*Problem statement*
Repeat exactly the lines of the material below that run from the "コート:古着 シャツ:UNIQLO パンツ:古着" line to the "The Petra theater" line, including both, and do not carry over any pictures.

*Source information*
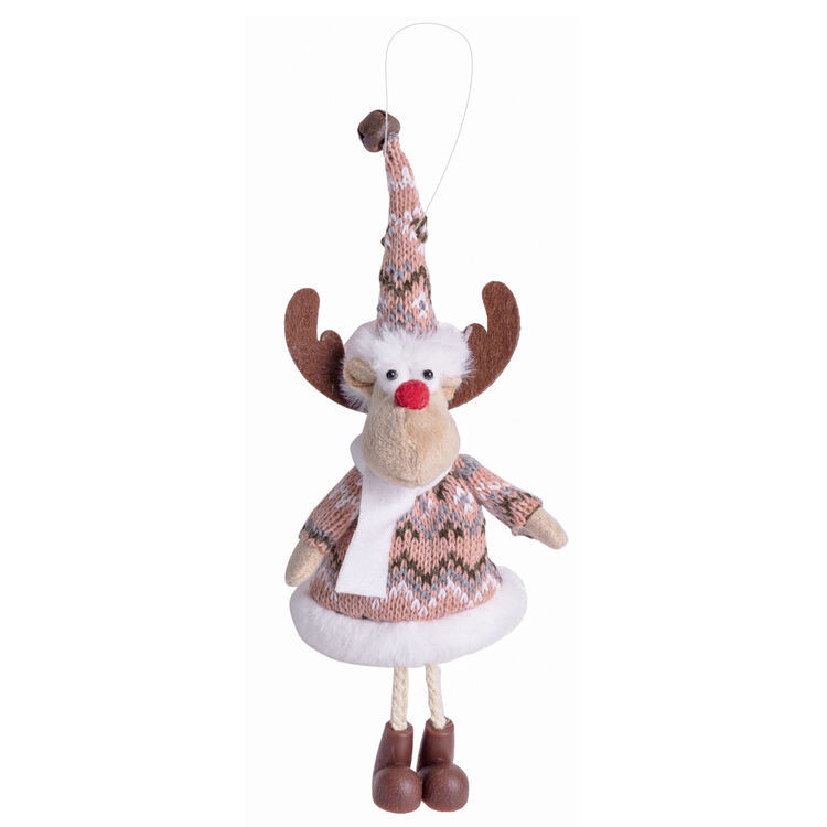 Textilből készült karácsonyi dekoráció- rénszarvas kötött ruhában, fehér sállal. Ideális karácsonyfák és belső terek ünnepi díszítésére.
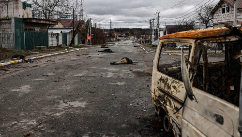 Porozrzucane dziecinne zabawki na pustym podwórku częściowo zniszczonego domostwa. Pies, który obwąchuje każdego człowieka, każdy samochód, każdy metr trotuaru, rozpaczliwie szukając pana, którego już dawno nie ma, bo albo nie żyje, albo zdążył uciec. Potem Bucza .Spalone czołgi. Jeden, drugi, trzeci. Nagle spotykam dziennikarzy z Poland World, razem jedziemy na teren Cerkwi św. Andrzeja, gdzie trwa ekshumacja 360 ciał, jak mówi ukraińska Ombudsman, lub 500, w tym 50 dzieci, jak mówią miejscowi...
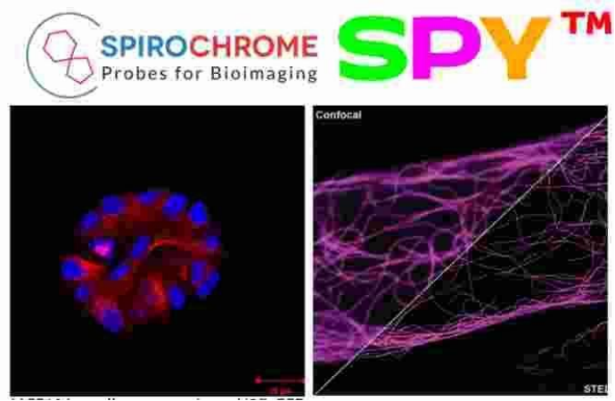 Spirochrome的活細胞染色探針可通過(guò)細胞膜的物質(zhì),并可以對微管蛋白進(jìn)行染色。與SiR和SiR700染料相比,SPY?具有亮度更高、細胞毒性更低的特點(diǎn),無(wú)需基因操作或過(guò)表達即可對微管進(jìn)行染色
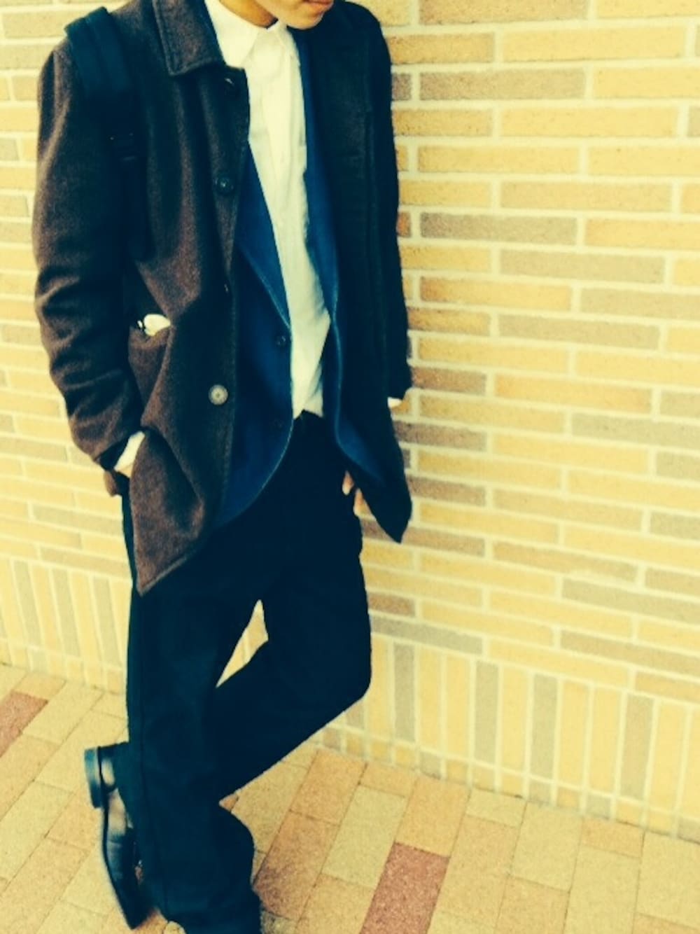 コート:古着 シャツ:UNIQLO パンツ:古着 白ソックスとローファー 私服高校。今日の制服
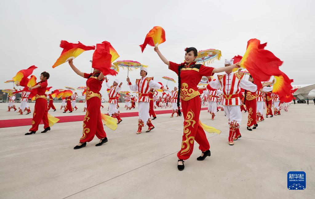 5月17日下午,出席中國-中亞峰會的塔吉克斯坦總統拉赫蒙抵達陜西省西安市。這是歡迎儀式現場。
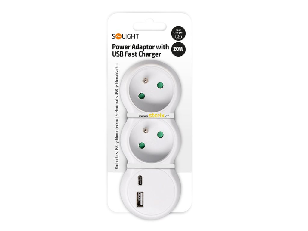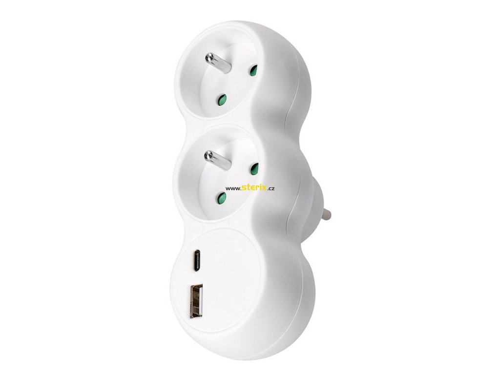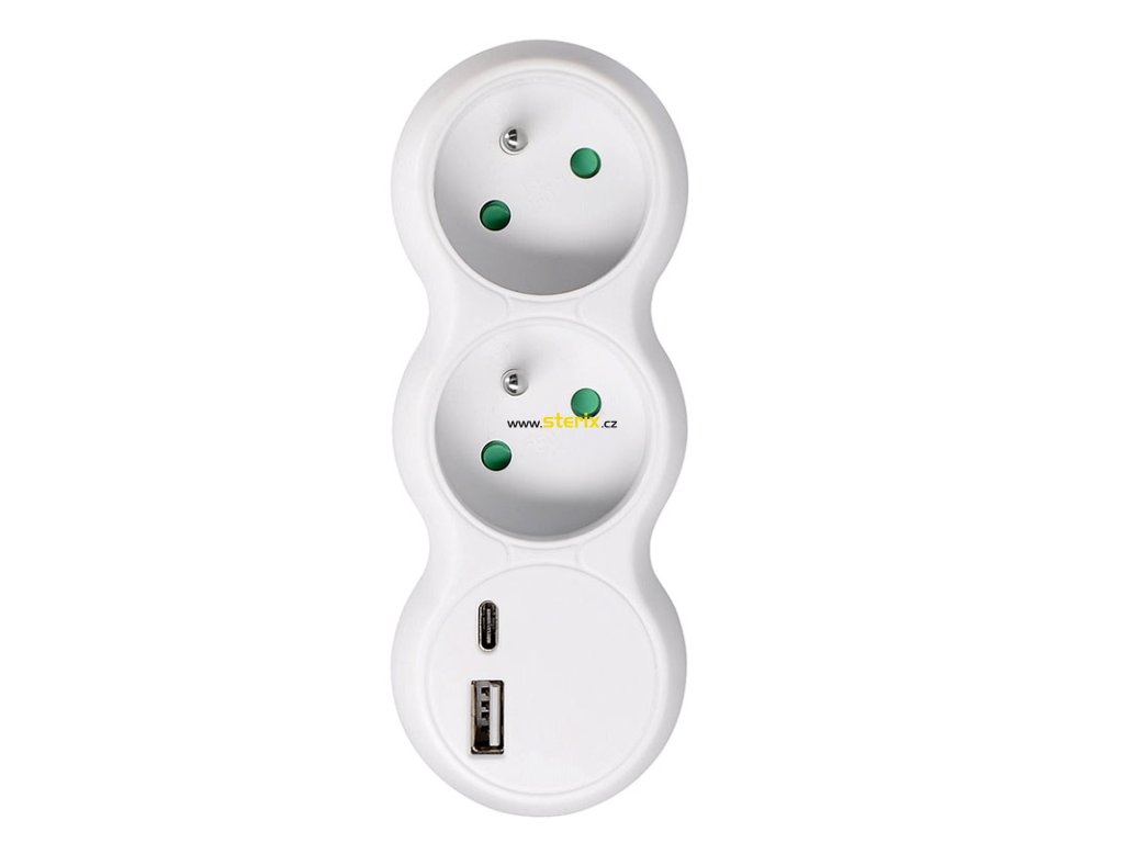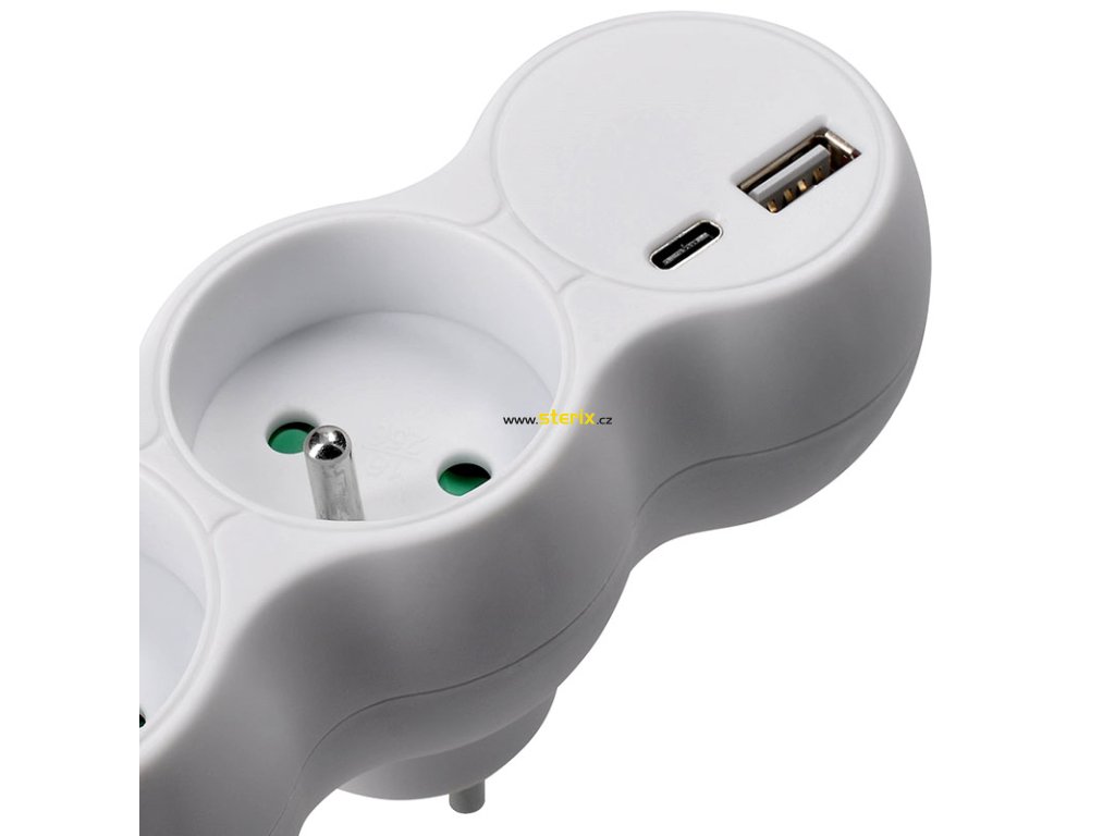 Rozbočka s USB A+C rychlonabíječkou 20W PD, 2 x 10A, bílá
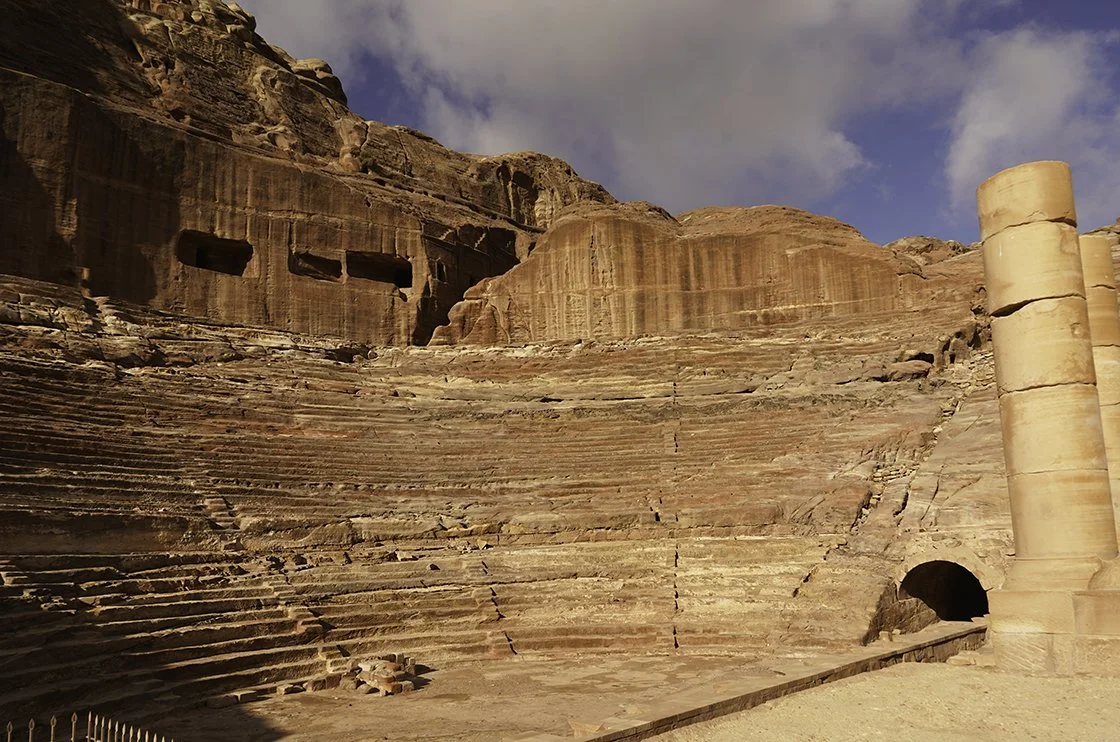 The Petra theater was mostly carved from solid rock, while the outer wall was constructed of blocks. Roman in design, with similar acoustics, it was constructed at the apex of the Nabataean kingdom (between 9-40AD)
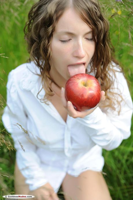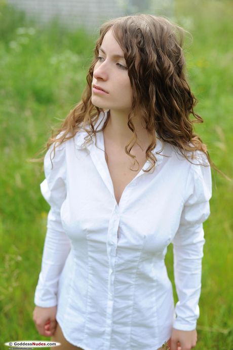 Goddess Nudes: Verleidelijke tiener Ekitti presenteert haar grote tieten en geschoren poesje in een veld

*Response area*
 コート:古着 シャツ:UNIQLO パンツ:古着 白ソックスとローファー 私服高校。今日の制服
 5月17日下午,出席中國-中亞峰會的塔吉克斯坦總統拉赫蒙抵達陜西省西安市。這是歡迎儀式現場。
 Rozbočka s USB A+C rychlonabíječkou 20W PD, 2 x 10A, bílá
 The Petra theater was mostly carved from solid rock, while the outer wall was constructed of blocks. Roman in design, with similar acoustics, it was constructed at the apex of the Nabataean kingdom (between 9-40AD)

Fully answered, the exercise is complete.